Identifying RBD Objects¶
Map RBD names to Ceph internal object identifier prefix (used by OSDs as part of the filename). Sometimes this works:
VNAME=volume-5612246f-a1ec-4faa-9a41-ac33876805bc
POOL=volumes_2
rados -p ${POOL} get rbd_id.${VNAME} - | strings
And sometimes you need to use the “dot rbd” object instead:
VNAME=home-1
POOL=rbdafs-home
rados -p ${POOL} get ${VNAME}.rbd - | strings | grep rb
Note
I have no idea why one and not the other; I suspect the latter is the older way of doing things?
Rebalancing Scrubs¶
You can see the days of the week that the last round of deep-scrubs occurred on with a command like the following (taken from http://cephnotes.ksperis.com/blog/2013/08/27/deep-scrub-distribution )

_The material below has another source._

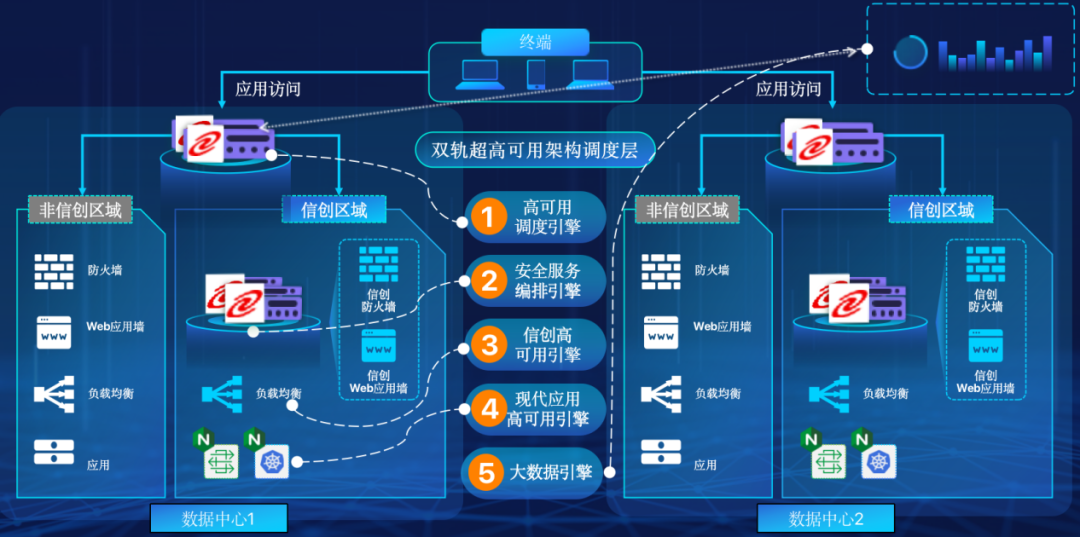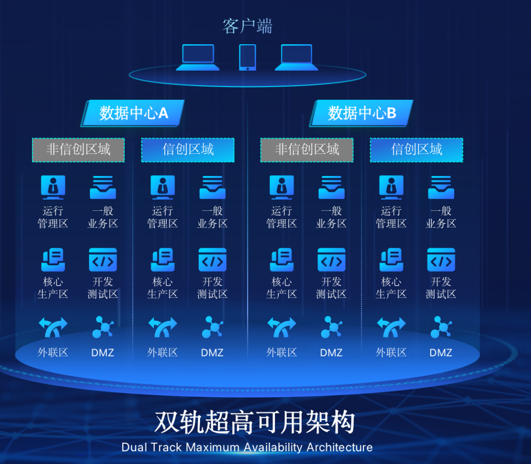 星空xk在企业面临自主创新IT基础重构过程中,推出的全新架构双轨超高可用架构(简称DTMAA),在双活数据中心的分区调度基础上,添加每个数据中心内信创域和非信创域的分域调度,来实现分区分域协同的多活双轨超高可用。

for date in `ceph pg dump | grep active | awk '{print $22}'`; do
date +%A -d $date;
done | sort | uniq -c
Re-balancing the ceph deep-scrub schedule may be done with something like the following. Note that this takes a week to run. “A week” comes from the fact that “osd deep scrub interval” is set, by default, to 1 week.
ceph pg dump | awk '/active/{ print $1 }' \
| (while read i; do echo $i;
ceph pg deep-scrub $i;
sleep $((604800 / `ceph pg stat | sed -e 's/^.*: \([0-9]*\) pgs:.*$/\1/'`));
done)
Slowly Easing In or Out OSDs¶
Try some shell scripting:
# This script assumes oldschool weight 8 osds! No longer valid. Await
# useful scripts in admins.pub/scripts/ceph
await_ceph() { until ceph health | grep HEALTH_OK; do
echo -n 'Waiting... '; date; sleep 15; done }
for w in `seq 1 8`; do
await_ceph
for osd in 2 3 4 5; do ceph osd crush reweight osd.${osd} $w; done
sleep 30
done
Quickly Removing an OSD¶
Avoid double-computation of the new CRUSH maps by running ceph osd rados
rm ${OSD}
rather than marking it out
and then taking it down
.
This will only trigger one round of backfilling and will result in less data
motion. Otherwise, follow the procedure in
http://ceph.com/docs/v0.78/rados/operations/add-or-rm-osds/#removing-osds-manual
Note
I assume that even after a ceph osd crush rm
, that ceph will
still allow the OSD in question to participate in its pgs replications.
Note
The procedure for adding an OSD to the cluster as officially
documented uses ceph osd crush add
, which will only compute the CRUSH
map once.
Creating a New Mon¶
Original reference at http://ceph.com/docs/master/rados/operations/add-or-rm-mons/
Work in a temporary directory, for starters:
cd /tmp
Grab the monitors’ keyring, so the mon can authenticate to the others:
ceph auth get mon. -o keyring
Grab the current mon map:
ceph mon getmap -o monmap
Create the data store for the mon. This should create a directory and files at
/var/lib/ceph/mon/ceph-$MON_ID
:sudo ceph-mon -i $MON_ID --mkfs --monmap monmap --keyring keyring
Add the mon to the mon map:
ceph mon add $MON_ID $IP_ADDR
Start the mon:
sudo service ceph -a start mon.$MON_ID
Delete the temporary copy of the monitors’ keyring and the mon map:
rm keyring monmap
Update
ceph.conf
.
Removing a Mon¶
Original reference at http://ceph.com/docs/master/rados/operations/add-or-rm-mons/
First, shut down the mon:
sudo service ceph -a stop mon.$MON_ID
Remove it from the known set of mons:
ceph mon remove $MON_ID
Delete its data store.
rm -r /var/lib/ceph/mon/ceph-$MON_ID
Update
ceph.conf
.
ZFS and Ceph¶
Look at https://github.com/zfsonlinux/zfs/issues/4913#issuecomment-268182335
Basically, follow those instructions :) But it can break things. Maybe don’t follow them.
Miscellany¶
Cern also uses Ceph; pay attention to everything they have to say on the matter. Notably, this includes http://www.slideshare.net/Inktank_Ceph/scaling-ceph-at-cern (via http://ceph.com/cephdays/frankfurt/ ).